Lake Malawi is in the Great Rift Valley. The lake is 500 m (1,640 ft) above sea level and, with a depth of 700 m (2,300 ft) in places, is one of the deepest lakes in the world. Lake Malawi National Park consists of approximately 95 km2 (37 sq mi) of land and water at the southern end of the lake. The park includes most of the Nankumbu Peninsula, a mountainous headland that projects northwards into the lake terminating in Cape Maclear, the surrounding areas of water (aquatic zone of the property extends for just 100 metres from the lake shore and covers just 0.02% of the lake’s total area), Mwenya Hills, Nkhudzi Hills, Nkhudzi Spit, and 13 islands: Otter, Domwe, Thumbi West, Mumbo, Zimbawe, Thumbi East, Mpanda, Boadzulu, Chinyankhwazi Rock, Chinyamwezi Rock, Nankoma, Maleri, Nakantenga. The peninsula rises steeply from the foreshore to the Nkhunguni Peak 1,143 m (3,750 ft) in the west and the Dzimwe Peak 963 m (3,160 ft) in the east. The slopes are clad in dense forests. There are few inhabitants on the mountainous part of the peninsula, but there are several fishing villages on the more level parts of the foreshore, the largest being Chembe, close to Cape Maclear. These villages are inside the park but are not part of it.
UNESCO World Heritage Site
Lake Malawi National Park was inscribed as a UNESCO World Heritage Site in 1984. The criteria under which it qualifies are: Criterion (vii), the natural beauty of the lake beneath the escarpment of the Great African Rift Valley; Criterion (ix), the importance of the lake because of the adaptive radiation and speciation that has taken place there among the cichlid fish population, over 350 species of which are present in the park, almost all of them endemic; and Criterion (x), the global importance of the park for the conservation of biodiversity, both for its freshwater fish populations (perhaps 1000 species) and for the variety of other animal life including birds, mammals and reptiles.
Lake Malawi was formed several million years ago, and the water level has fluctuated greatly over the millennia. This has made a number of different niches available to the cichlids (known locally as mbuna) and other fish living there, which have adapted to different habitats and adopted different lifestyles as part of an evolutionary radiation of a similar sort to the adaptation of finches that Charles Darwin observed on the Galápagos Islands. Various estimates have been made as to how many species of cichlid there are in Lake Malawi, with 700 being an acceptable estimate. Nearly all of these species are endemic, and some have minute ranges: a bay, a rocky islet or a few hundred metres of shoreline. Many are not even known to science and remain yet to be described.
The park is also home to mammals including chacma baboons, vervet monkeys, hippopotamuses, leopards, common duikers, bushbucks, greater kudus, and klipspringers. Also to be seen are crocodiles, African fish eagles, and white-breasted cormorants as well as wading birds, kingfishers, hornbills, nightjars, kestrels, swallow-tailed bee-eaters, and many other species of birds.

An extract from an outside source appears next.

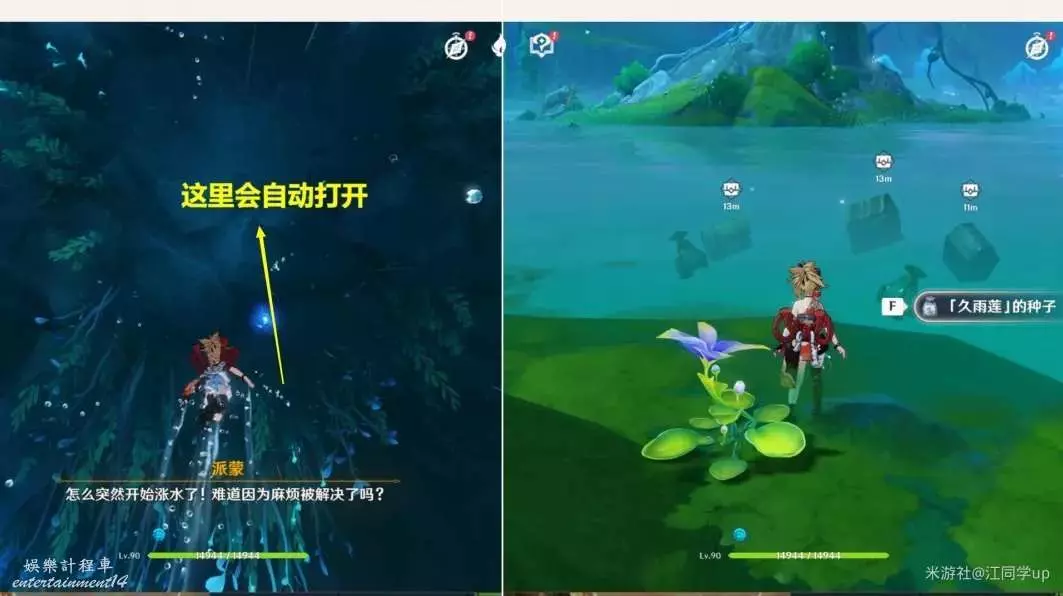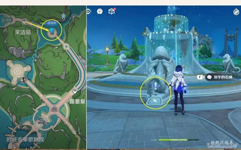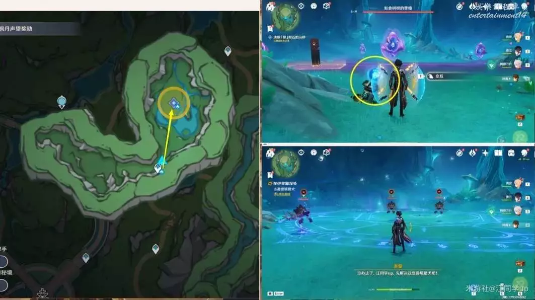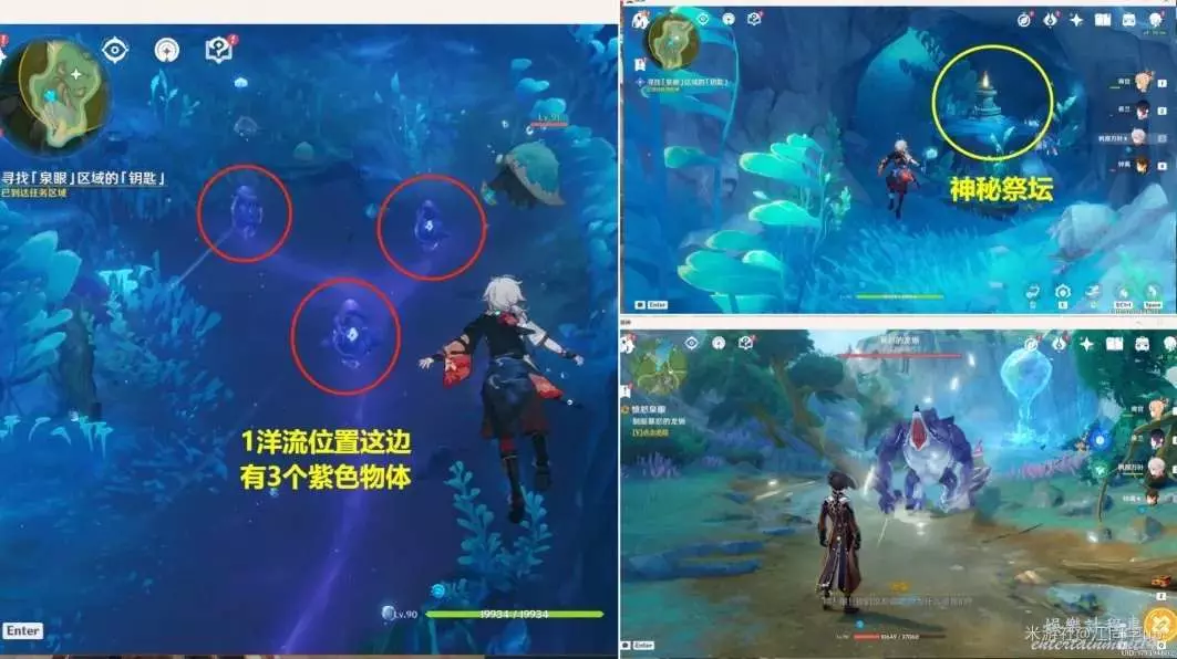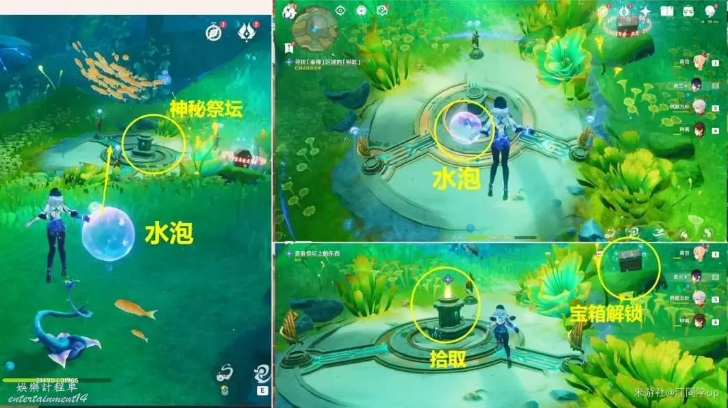 (3)打掉上圖的2個【紫色物體】後,會出現一個水泡,然後再長按E技能,將水泡移動到下圖【神秘祭壇】的我圖中位置後,再用普通攻擊打掉水泡,共鳴【神秘祭壇】周圍3個機關後完成該處解密,同時右邊寶箱解鎖,最後拾取【神秘祭壇】這裡第2個【淚滴之鑰】後,該階段任務結束

Dr. David Livingstone was the first European to see Lake Nyassa, as it was then called, in 1859, and by 1875 the Scottish Presbyterian Church had set up a mission on Cape Maclear. A large baobab tree, purportedly over 800 years old, is said to have been a favourite of Livingstone as a place where he could give sermons and speak with other missionaries. The graves of five early missionaries are also in the park.